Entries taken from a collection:

=-=-=

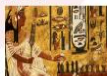
พิพิธภัณฑ์สถานแห่งชาติอียิปต์
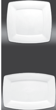
Plate flat square Ø 155 mm (nr 2727) Ø 170 mm (nr 2728) Ø 190 mm (nr 2730) Ø 210 mm (nr 2731) Ø 260 mm (nr 2736) Ø 280 mm (nr 2738) Ø 320 mm (nr 2769)
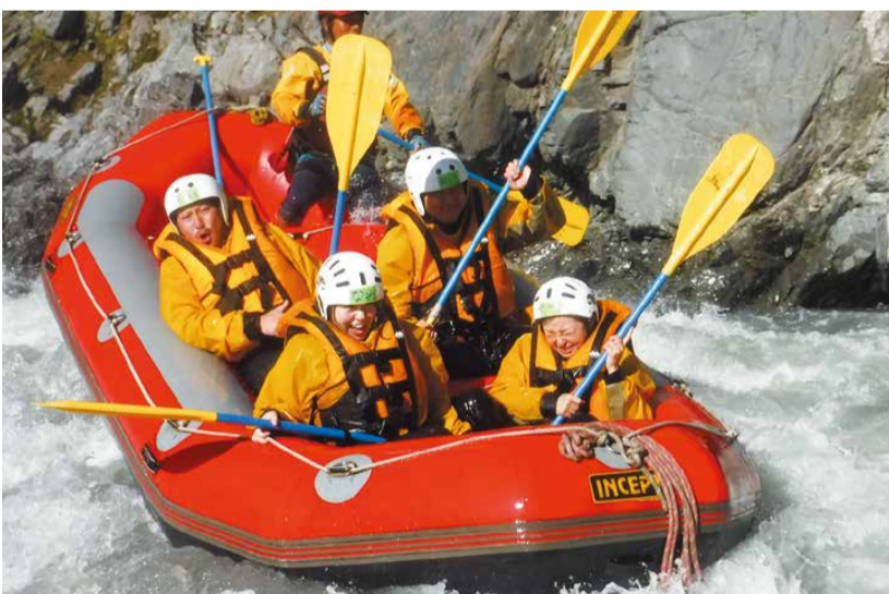
スリル満点のラフティング
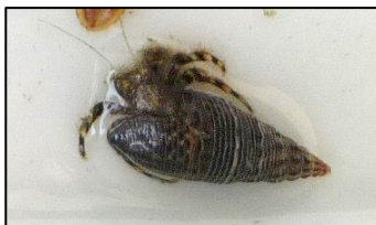
ユビナガホンヤドカリ
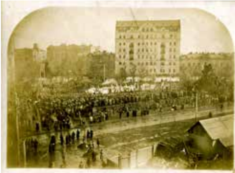
Українська маніфестація у Києві на Софійському майдані. 19 березня (1 квітня) 1917 р.
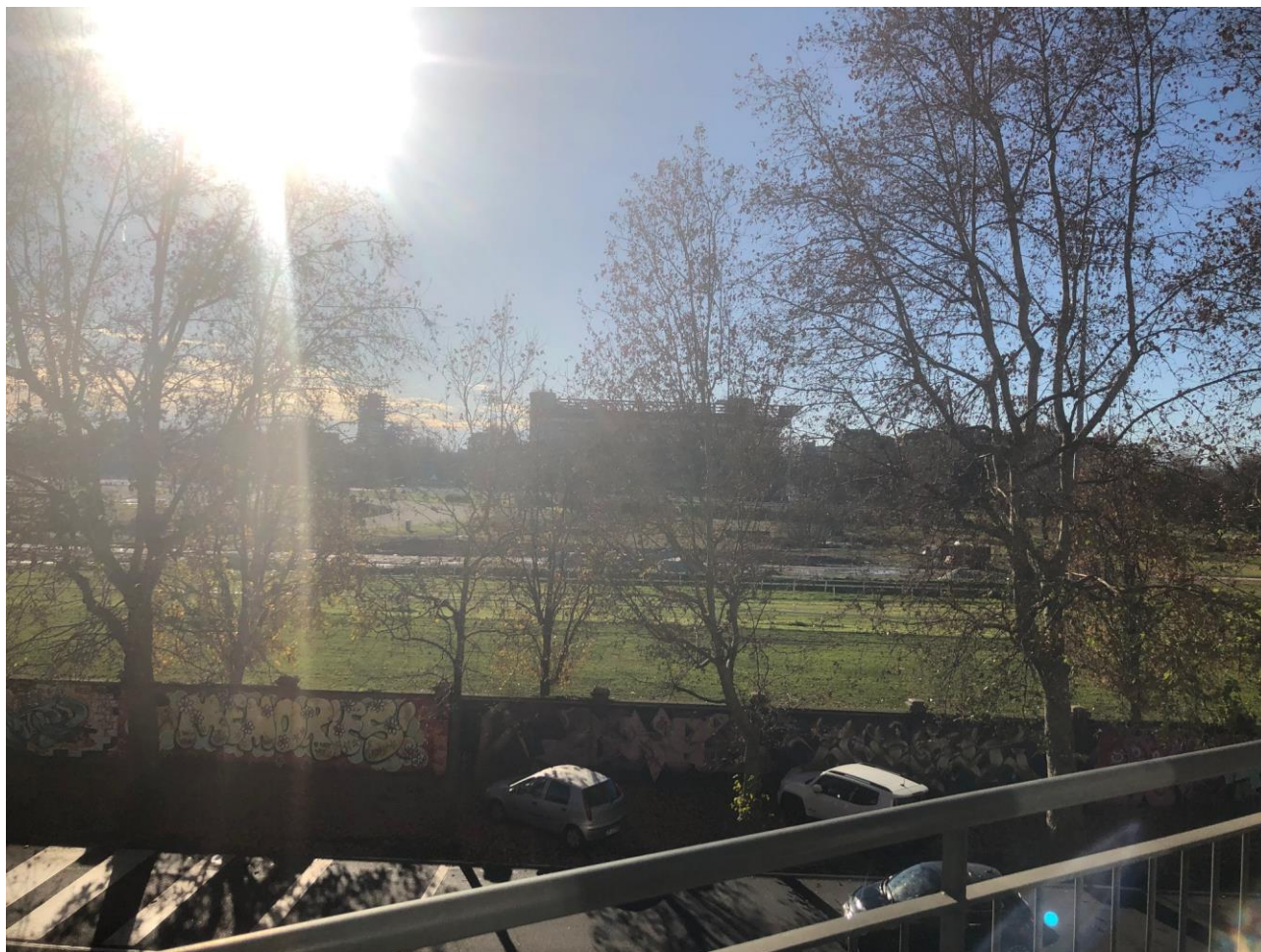
Vista dal balcone
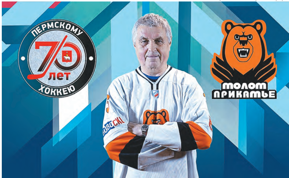
Сергей Смертин, наши дни

Рассказывают истории, связанные с Сергеем Смертиным, и знатоки хоккея. В своё время историк прикамского хоккея Никита Чернов так характеризовал нашего героя: «Сергей Смертин — хоккеист потрясающей работоспособности, лидер ко-
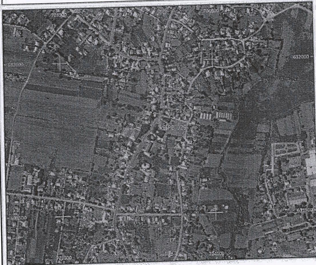
Amplasament sirenă - Fara HCL
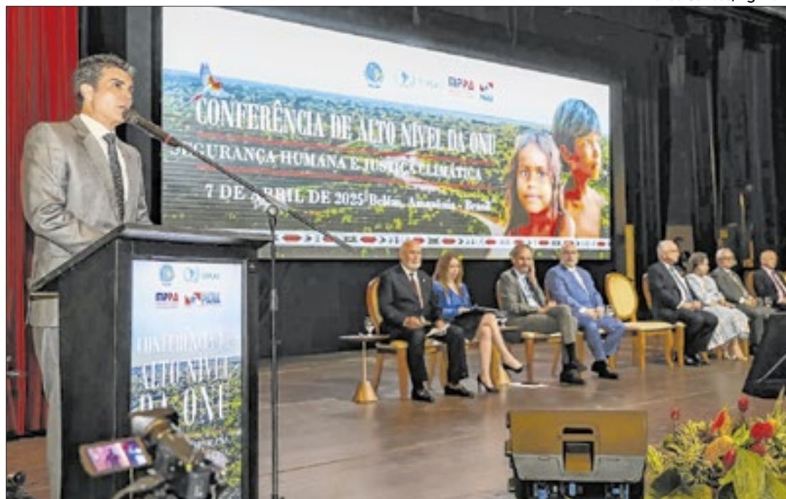
As discussões devem continuar nos próximos meses, como preparação para a COP 30

Entre os pontos abordados, estiveram políticas públicas relacionadas à bioeconomia e à compensação de emissões por meio dos créditos de carbono.
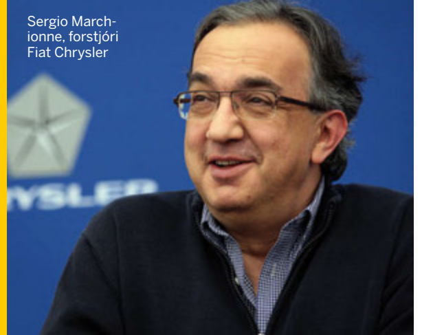
Sergio Marchionne, forstjóri Fiat Chrysler

árið 2018 er allsendis óvíst, en hann segir að verði það seinna sé það höfuðverkur arftaka hans. Sameining verði ekki umflúin. Hann telur að dyrnar hafi aldrei lokast fyrir sameiningu og áfram verði haldið með tilraunir til þess. Marchionne hefur reyndar nefnt einn bílframleiðanda enn, þ.e. kóreska bílframleiðandann Hyundai sem einnig á Kia, en að sú sameining sé ólíklegust þar sem kóreskir framleiðendur séu almennt ekki tilbúnir til neinnar sameiningar við aðra framleiðendur.
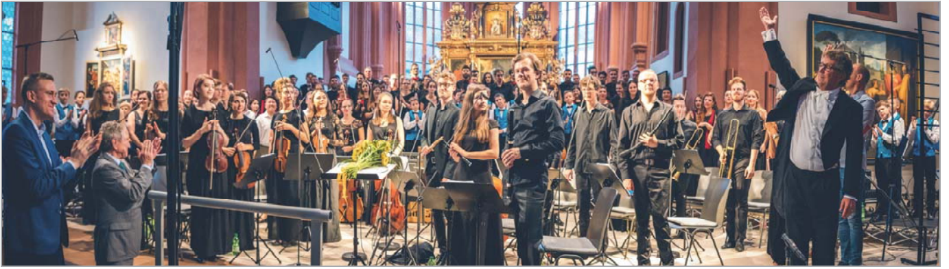
Tosender Applaus für Claudio Monteverdis Marienvesper, einem farbenprächtigen und stimmächtigen Friedenskonzert mit 140 Mitwirkenden unter der Gesamtleitung von Fred Sjöberg mit dem Knabenchor „Jazeps Medins“ aus Riga, dem Novi Sad Kammerchor aus Serbien, dem Chor der Mazedonischen Universität Thessaloniki - Griechenland, dem Festival-barockorchester und insgesamt sieben Solo-Stimmen.
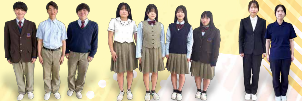
(高校 総合学科・看護学科)
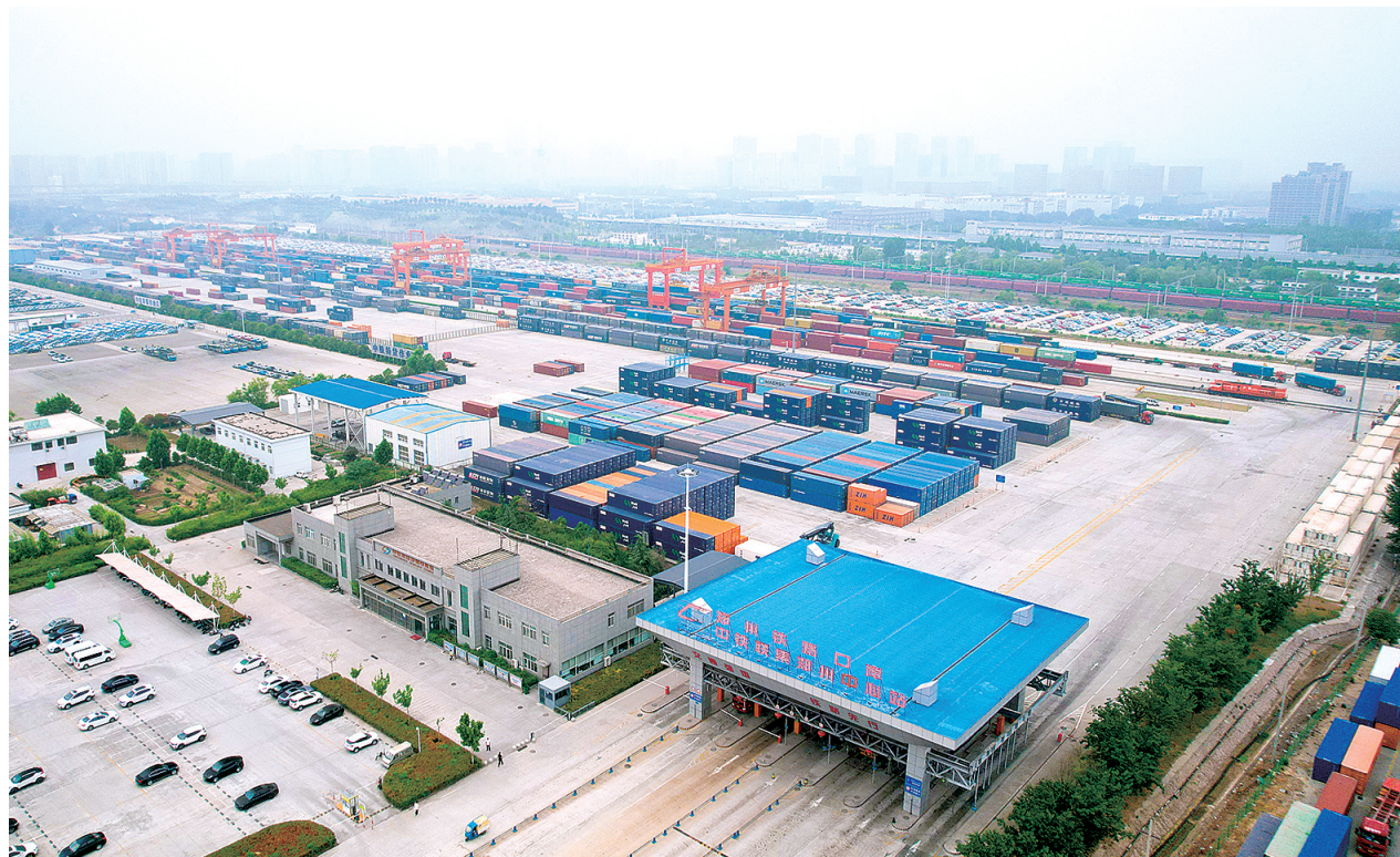
郑州铁路口岸，中欧班列在这里驶向世界

=-=-=

[PROBLEM REQUIREMENTS]
Say how many lines in the data hold the string "Смертин", and write nothing else.

[WRITTEN RESPONSE]
2